Field Notes/Cost Optimization
🔍 Discovery

Local Models via Ollama Cost $0/Call

2 min read

Not every task needs Claude Opus. Summarizing docs, parsing data, generating commit messages — these can run on your own hardware for $0/call. No API keys, no metered usage, no surprise bills.

What Ollama Is

Docker, but for AI models. Download a model, run it locally, get an API endpoint OpenClaw can talk to. Five-minute setup:

  • Installbrew install ollama or grab it from ollama.ai
  • Pull a modelollama pull llama3.2:3b
  • Run itollama serve
  • Point OpenClaw at it — use ollama/llama3.2:3b as your model

Local LLM at localhost:11434. Zero cost per inference.

Models That Work on Normal Hardware

Tested on a 2018 MacBook Pro (32GB RAM, no GPU):

  • Llama 3.2 3B — the workhorse.
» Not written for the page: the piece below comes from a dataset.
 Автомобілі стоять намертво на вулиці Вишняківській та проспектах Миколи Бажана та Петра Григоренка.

Fast, handles summarization and text gen easily
  • Qwen 2.5 Coder 7B — solid for docstrings, function explanations, simple refactoring
  • Phi-3 — punches above its weight for parsing and structured tasks

Rule of thumb: 3B-7B parameter models run well on CPU-only with 16-32GB RAM. Bigger models need a GPU.
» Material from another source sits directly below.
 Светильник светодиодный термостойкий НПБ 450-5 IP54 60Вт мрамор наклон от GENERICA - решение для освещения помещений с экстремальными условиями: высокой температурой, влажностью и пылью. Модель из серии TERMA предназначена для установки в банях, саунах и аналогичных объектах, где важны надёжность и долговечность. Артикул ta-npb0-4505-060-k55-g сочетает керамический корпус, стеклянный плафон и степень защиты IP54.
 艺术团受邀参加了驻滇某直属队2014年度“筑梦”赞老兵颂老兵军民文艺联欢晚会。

When to Use Local vs Cloud

Local models aren't a replacement — they're a complement.

Use local for:

  • High-volume, low-complexity tasks (commit messages, summaries, parsing)
  • Privacy-sensitive data that shouldn't leave your machine
  • Dev/testing — iterate without burning credits
  • Background agents doing routine maintenance

Use cloud for:

  • Complex reasoning and multi-step planning
  • Tasks needing up-to-date knowledge
  • Anything where quality is the priority

The Cost Math

100 simple API calls/day = ~$5-10/month. Not huge alone. But across agents, over a year? It adds up. Local models make that line item disappear.

More importantly: you can experiment freely. No second-guessing whether a task is "worth" an API call.

Bottom Line

If you have decent hardware on your desk, you're leaving money on the table. Ollama makes it trivially easy to run local models for the simple stuff. Complex work stays on Claude. Your bill drops. Your agent stays capable.